Even at the Child’s tender age, the Child intuitively recognizes
that Mother [] will never be able to provide the home she wants
and needs. Mother [] ha[s] already caused too much pain in this
Child’s life. Accordingly, pursuant to § 2511(b), the Court finds
that termination of Mother’s rights is in the best interests of the
Child.
Trial Court Opinion, 4/21/17, at 9 (citations to the record omitted).
Addressing N.R.B., the trial court repeated its determination:
The facts clearly show that [N.R.B.] bears the scars of the
dislocation and separation caused by the on-again, off-again
relationship the Child has had with Mother[]. Further, the Child
has suffered from the worry and anguish caused by nothing else
but her parents’ illicit behavior. The bond between Mother and
the Child has been disfigured and shattered. The Child is now in
a place where she can feel secure and enjoy some measure of
stability.
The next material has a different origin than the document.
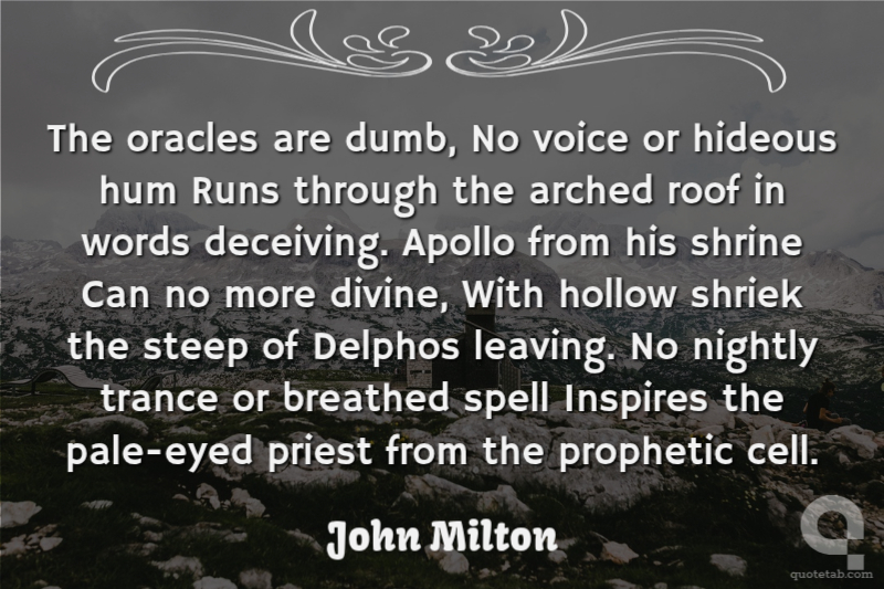 The oracles are dumb, No voice or hideous hum Runs through the arched roof in words deceiving. Apollo from his shrine Can no more divine, With hollow shriek the steep of Delphos leaving. No nightly trance or breathed spell Inspires the pale-eyed priest from the prophetic cell.

The Child’s behavior has improved and, not
surprisingly, the Child wants to remain with his foster parents.
Mother [] ha[s] already caused too much pain in this Child’s life.
Accordingly, pursuant to § 2511(b), the Court finds that
termination of Mother’s rights is in the best interests of the
Child.
Trial Court Opinion, 4/21/17, at 9 (citations to the record omitted).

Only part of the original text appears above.